### How to complete this task
From the first line to the last, please reproduce the material exactly, skipping the pictures.

### Dataset content
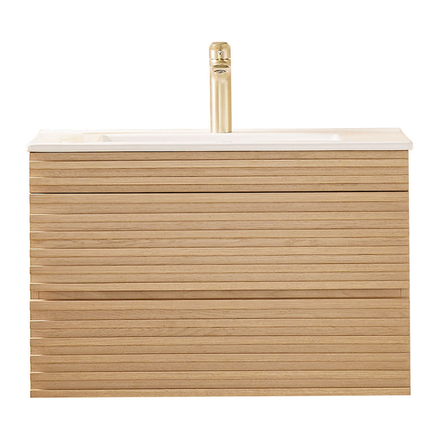 Wall Mounted & Floating Single Vanity With Ceramic Sink - Natural Walnut
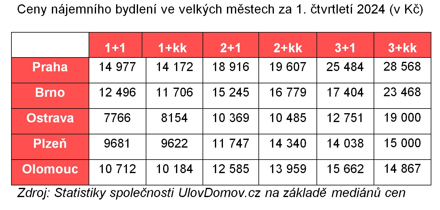 V Praze vzrostly ceny pronájmů meziročně o 1 až 4 procenta, tedy o 120 až 540 korun. Mírný růstový trend ukázala i další krajská města, například Ostrava až o 12 procent u dispozice 1+kk (850 Kč) či Olomouc o 14 procent u dispozice 1+1 (1330 Kč). Ceny nájmů v Brně rovněž meziročně rostly v jednotkách procent. Aktuálně si lze v Brně pronajmout byt dispozice 1+kk za cenu kolem 11 700 korun, byt dispozice 2+kk za cenu kolem 16 800 korun a byt dispozice 3+kk za cenu kolem 23 500 korun. Na vzorku zkoumaných bytů u některých dispozic cena i mírně klesala, což UlovDomov.cz vysvětluje jako souhru faktorů, které ovlivňují cenu.
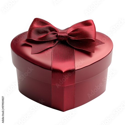The watermark will not be included on Wall mural.: Cut out red heart shape gift box with red ribbon isolated on empty transparent background top view -

### Output of the task
 Wall Mounted & Floating Single Vanity With Ceramic Sink - Natural Walnut
 V Praze vzrostly ceny pronájmů meziročně o 1 až 4 procenta, tedy o 120 až 540 korun. Mírný růstový trend ukázala i další krajská města, například Ostrava až o 12 procent u dispozice 1+kk (850 Kč) či Olomouc o 14 procent u dispozice 1+1 (1330 Kč). Ceny nájmů v Brně rovněž meziročně rostly v jednotkách procent. Aktuálně si lze v Brně pronajmout byt dispozice 1+kk za cenu kolem 11 700 korun, byt dispozice 2+kk za cenu kolem 16 800 korun a byt dispozice 3+kk za cenu kolem 23 500 korun. Na vzorku zkoumaných bytů u některých dispozic cena i mírně klesala, což UlovDomov.cz vysvětluje jako souhru faktorů, které ovlivňují cenu.
The watermark will not be included on Wall mural.: Cut out red heart shape gift box with red ribbon isolated on empty transparent background top view -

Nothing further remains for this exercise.